At some point in time, every homeowner will see their introductory period come to an end. If you are thinking the same way as most homeowners, you may be considering taking a remortgage out on your property.
If you are looking to learn more about remortgages in Sunderland, please feel welcome to watch our video all about taking out a remortgage, hosted by “Moneyman” Malcolm Davidson, on our channel MoneymanTV.
This will typically depend on what it is that you are looking to do. For a lot of homeowners, a remortgage in Sunderland is the next step that makes the most sense, as they look to improve their lifestyle or make the most out of their home, but it is not the right choice for everyone.
It is the job of a dedicated remortgage advisor in Sunderland to review your personal and financial situation, what all of your plans are, and see if this is the best possible plan of action for you to take.
We offer a completely transparent mortgage advice service, so if there is a better option out there for you, your mortgage advisor in Sunderland will let you know, and possibly offer up an alternative.
As is generally the case with any mortgage option, you will need to make some careful consideration and planning in advance. There are many different reasons as to why someone may look at taking out a remortgage in Sunderland once their introductory period has ended.
The most impactful reason in recent memory is because of a rise in national interest rates. Historically speaking, interest rates are much lower than they have been in previous years, so you may find that they are more likely to go up than they are to go down.
With this in mind, it may actually be more suitable you to remortgage in Sunderland as soon as possible, to fix in for a chosen amount of time, to take advantage of the current rate. People will usually opt for 2-5 year fixed rates, though you may be able to fix in for longer.
Doing this could potentially save you a lot of money in the long run, as the interest rate may have actually gone up during that time period, but you will still be paying the rate of interest that was available to you when you fixed in.
In other cases, it’s not necessarily because of interest rate rises, it could just be that you’d like to access better rates that may be available to you. Over time, there will be a build up of equity within your property, as well as the potential of your properties value going up.
The equity that is in your home can be used to get yourself a much better loan-to-value. This means much better interest rates, which could either contribute to saving you money, or reducing your mortgage term, depending on what you’d like to achieve.
On the topic of the equity that is in your property, other customers may look at releasing it via their remortgage in Sunderland, as a means to raise the necessary funds to cover the cost of any home improvements, modifications or alterations that they are planning to have carried out.
Whilst the mindset of many homeowners may just be to pack up and move for what they want in a home, for others, this is their home, they have grown in this building, perhaps raised or plan to raise a family in it. Because of these things, making modifications might be the best way forward.

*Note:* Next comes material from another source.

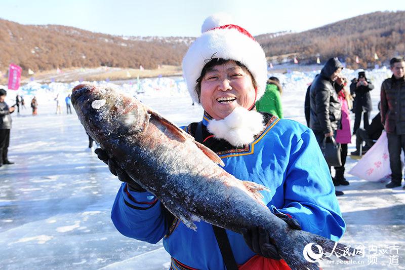 An Elunchun woman shows a big fish caught at the winter fishing festival in Zhalantun city, north China's Inner Mongolia, Jan. 2, 2015. (nm.people.cn/Han Leng)

We often hear of choices for doing this to include, for a newly refurbished kitchen, for a home office, to create an extra bedroom, more living space, a conservatory or maybe something else. This can then increase the value of your home, which can come in handy if you ever look to sell.
As you are going through your term, you may have gathered some unsecured debts against your name that have left the maintenance of your monthly payments to be quite challenging. Though it can be incredibly risky, taking out a remortgage in Sunderland to consolidate debt can be useful.
Doing so will see all of your unsecured debts combined into your monthly mortgage payments, as one single monthly outgoing. This free up disposable income and create less outgoings, though it will extend your debt over your mortgage, which will cost more on interest overall.
You should think carefully before securing other debts against your home. By adding your unsecured debts to your mortgage, which is secured on your home, you are potentially putting your home at risk if you cannot make the required repayments.
Although the total monthly cost of servicing your debt may have reduced, the total cost of repayment may still have risen as the term of your mortgage is longer than it may have taken to repay the debts originally.
Every now and again, we find that perhaps a remortgage in Sunderland is not best for a customer. That is why we would always recommend taking out remortgage advice in Sunderland before your introductory period ends, for you to speak with a mortgage advice expert and be advised on the right option.
Your mortgage advisor in Sunderland may feel that it is better for you to take out a product transfer, where you would take out a new mortgage deal, but stay with the same lender. If you’re looking to find somewhere that has more space, you may be better suited for moving home.
There may actually be more appropriate circumstances where your mortgage lenders Standard Variable Rate of interest could be your best option, though this isn’t something that is a frequent occurrence. This is because, typically speaking, your monthly mortgage payments will be more costly.
Homeowners over the age of 55, with a property that is worth £70,000 (whether they have a mortgage or not), may find it beneficial discussing equity release in Sunderland with a trusted later life mortgage advisor. They will help you to understand the pros and cons of lifetime mortgages.
Get booked in today in for a free remortgage review, by using our online booking feature. From there, a trusted and dedicated mortgage advisor in Sunderland will run through your situation with you, advising on what your best choices may be.
To understand the features and risks of equity release and lifetime mortgages, ask for a personalised illustration.
A lifetime mortgage may impact the value of your estate and it could affect your entitlement to current and future means tested benefits. The loan plus accrued interest will repayable upon death or moving into long term care.